Technical Abstract: Miniature Brahman cattle at the USDA ARS in Brooksville, FL have normal proportioned growth but are approximately 70% of normal mature height and weight when compared with Brahman cattle in the same heard. Pedigree analyses suggest that the condition is inherited as a recessive allele. The miniature Brahman cattle in the Brooksville herd have been used for studies of growth and reproduction, but the underlying causative mutation is unknown. Presumably, the miniature condition could arise from a mutation in the GH gene. The objective therefore, was to clone the GH cDNA from Brooksville miniature Brahman cattle, compare its sequence to normal Brahman cattle, and test the activity of native GH protein. Messenger RNA was isolated from pituitary and a cDNA for the protein coding region of the GH gene was amplified by reverse transcription (PCR) from each of two miniature Brahman bulls. The cDNA were cloned into plasmid vectors and top and bottom strands were sequenced by automated DNA sequencing. The sequence of both cDNA clones derived from miniature cattle differed from Bos Indicus GH (GenBank AF034386) at base number 641 because there was a cytosine (C) instead of thymine (T). The C to T change encoded a mutation (threonine to methionine) at amino acid 200 (T200M mutation). The mutation was confirmed by sequencing of an additional two miniature cattle and comparing their sequence to two normal cattle. The threonine is located in the fourth alpha helix of GH and is one of 8 amino acids that participate in binding of GH to the GH receptor. Twelve miniature Brahman and 9 normal Brahman cattle were tested by using a restriction fragment length polymorphism analysis that employed the BsmBI restriction enzyme (specific for mutated nucleotide). The 12 miniature Brahman cattle were homozygous for the mutation (-/-). Seven of the normal cattle were homozygous for the wild type allele (+/+), and two were heterozygous (+/-).
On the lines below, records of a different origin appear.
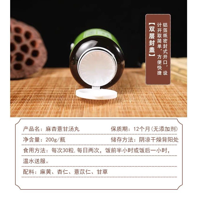 正品 麻杏薏甘汤丸精选原材料倪海厦推荐 一瓶200g
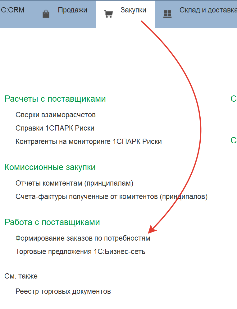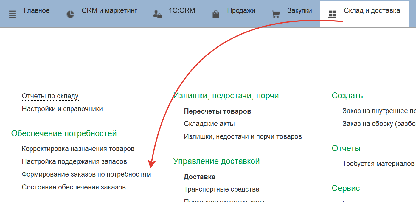 Раздел "Склад и доставка" -> "Обеспечение потребностей" -> "Формирование заказов по потребностям".
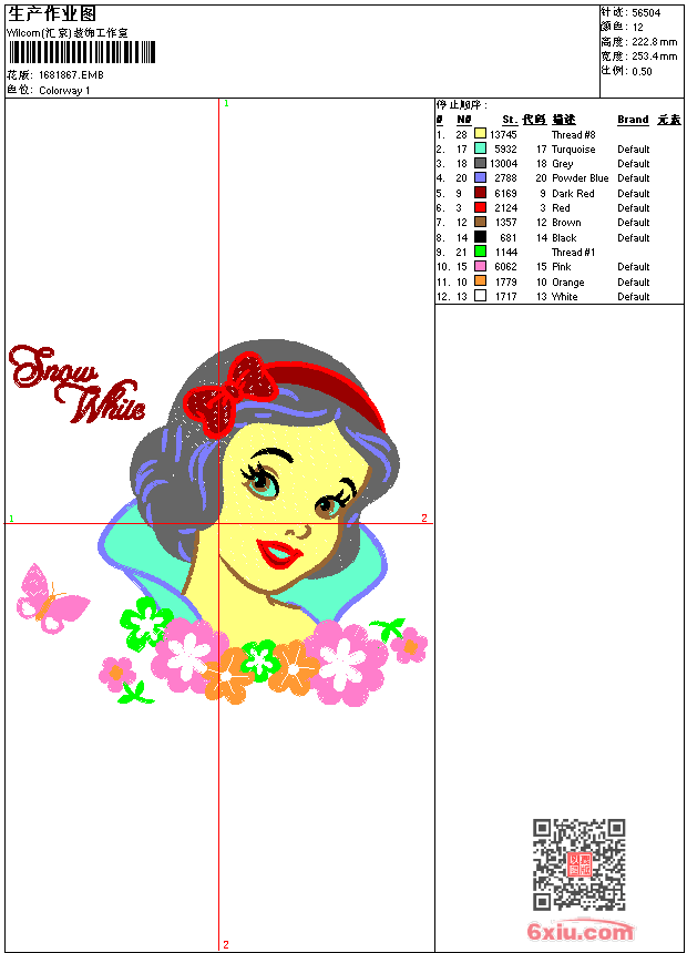 美女-白雪公主 点此上传花版兑乐绣币/现金 emb花版参数: 大小:175.50 KB / 尺寸:253*223[毫米] / 针数:56504针 / 线色:12 / 格式:emb / 版本:9 版带文件需绣花软件方可打开,可配色打印导出各种格式或直接上机绣。如无绣花软件可下载1:1模拟效果图。 PNG图片信息:大小:1.1 (MB) /图宽*高:959x843(像素) 上传作者( h584*** ) 获得乐绣币:20个 emb下载 1:1图下载 关闭 相似花型推荐: 米奇 老虎-动物 跆拳道 抽象小标 super bowl 超级碗 一只蝴蝶 two rose 玫瑰花 one rose 玫瑰花 鳄鱼 春回大地-精品 龙 龙 龙 龙 龙 上一个花样:腰带行运一条龙 下一个花样:米奇

When tested in a cell-based bioassay, GH isolated from the pituitary of -/- cattle (n=4) had approximately 60% activity when compared with GH isolated from the pituitary of +/+ cattle (n=5). In summary, miniature Brahman cattle were homozygous for a single nucleotide polymorphism that encodes a mutation in an amino acid involved in binding of GH to the GH receptor. Cattle of normal stature had at least one copy of the normal GH allele. Threonine 200 in bovine GH is required for normal growth in cattle.